Work request: For this exercise, copy the data exactly and omit any images.

Material provided:
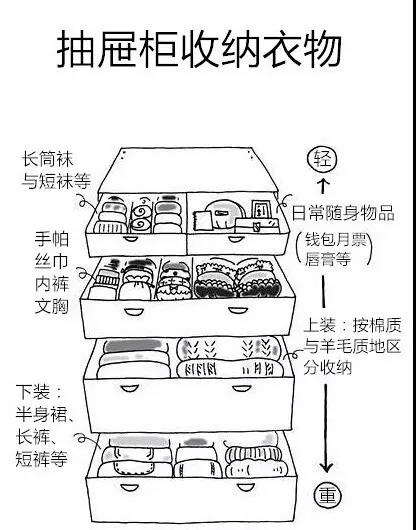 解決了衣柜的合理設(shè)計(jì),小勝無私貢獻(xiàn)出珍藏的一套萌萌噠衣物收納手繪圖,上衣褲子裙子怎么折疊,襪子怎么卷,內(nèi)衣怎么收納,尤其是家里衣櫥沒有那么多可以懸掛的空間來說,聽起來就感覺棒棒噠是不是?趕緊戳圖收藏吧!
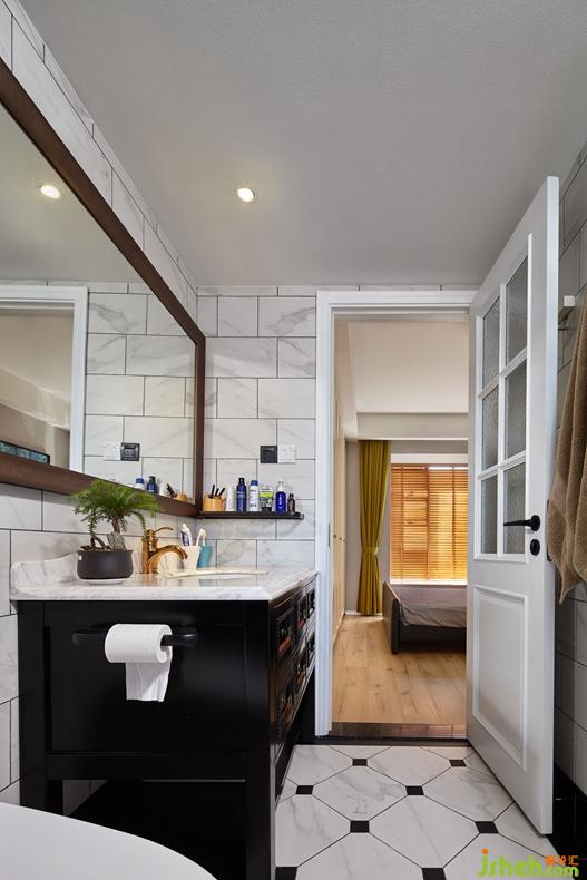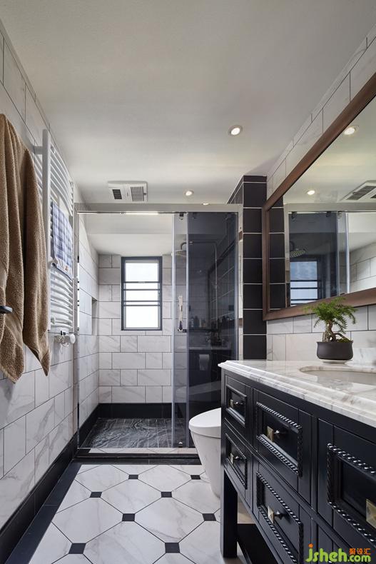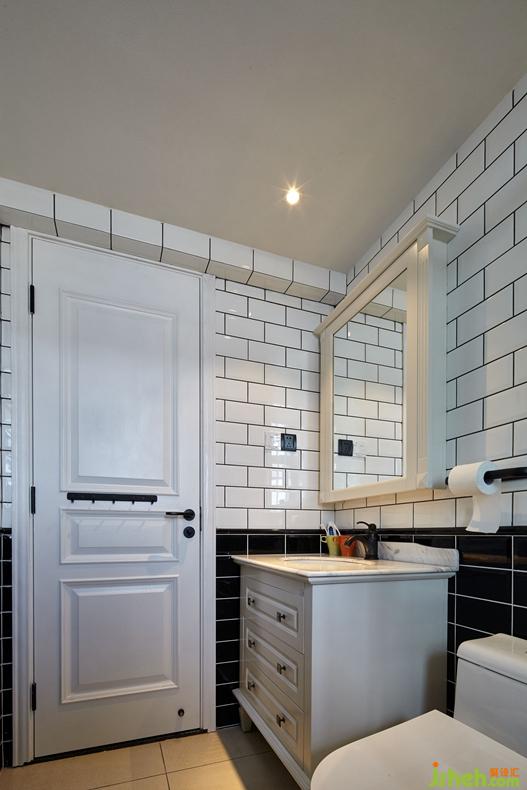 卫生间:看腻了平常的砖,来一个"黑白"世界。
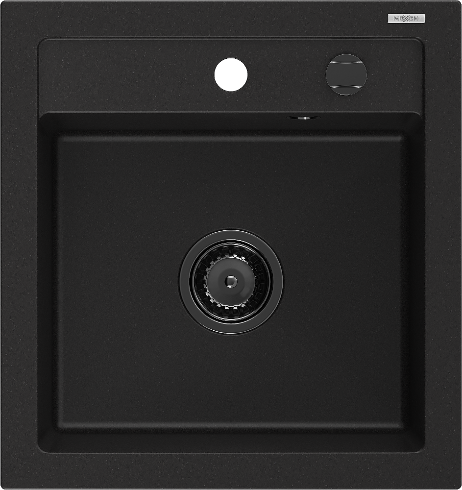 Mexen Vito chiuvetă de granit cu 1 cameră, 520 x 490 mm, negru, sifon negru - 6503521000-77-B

Output:
 解決了衣柜的合理設(shè)計(jì),小勝無私貢獻(xiàn)出珍藏的一套萌萌噠衣物收納手繪圖,上衣褲子裙子怎么折疊,襪子怎么卷,內(nèi)衣怎么收納,尤其是家里衣櫥沒有那么多可以懸掛的空間來說,聽起來就感覺棒棒噠是不是?趕緊戳圖收藏吧!
 卫生间:看腻了平常的砖,来一个"黑白"世界。
 Mexen Vito chiuvetă de granit cu 1 cameră, 520 x 490 mm, negru, sifon negru - 6503521000-77-B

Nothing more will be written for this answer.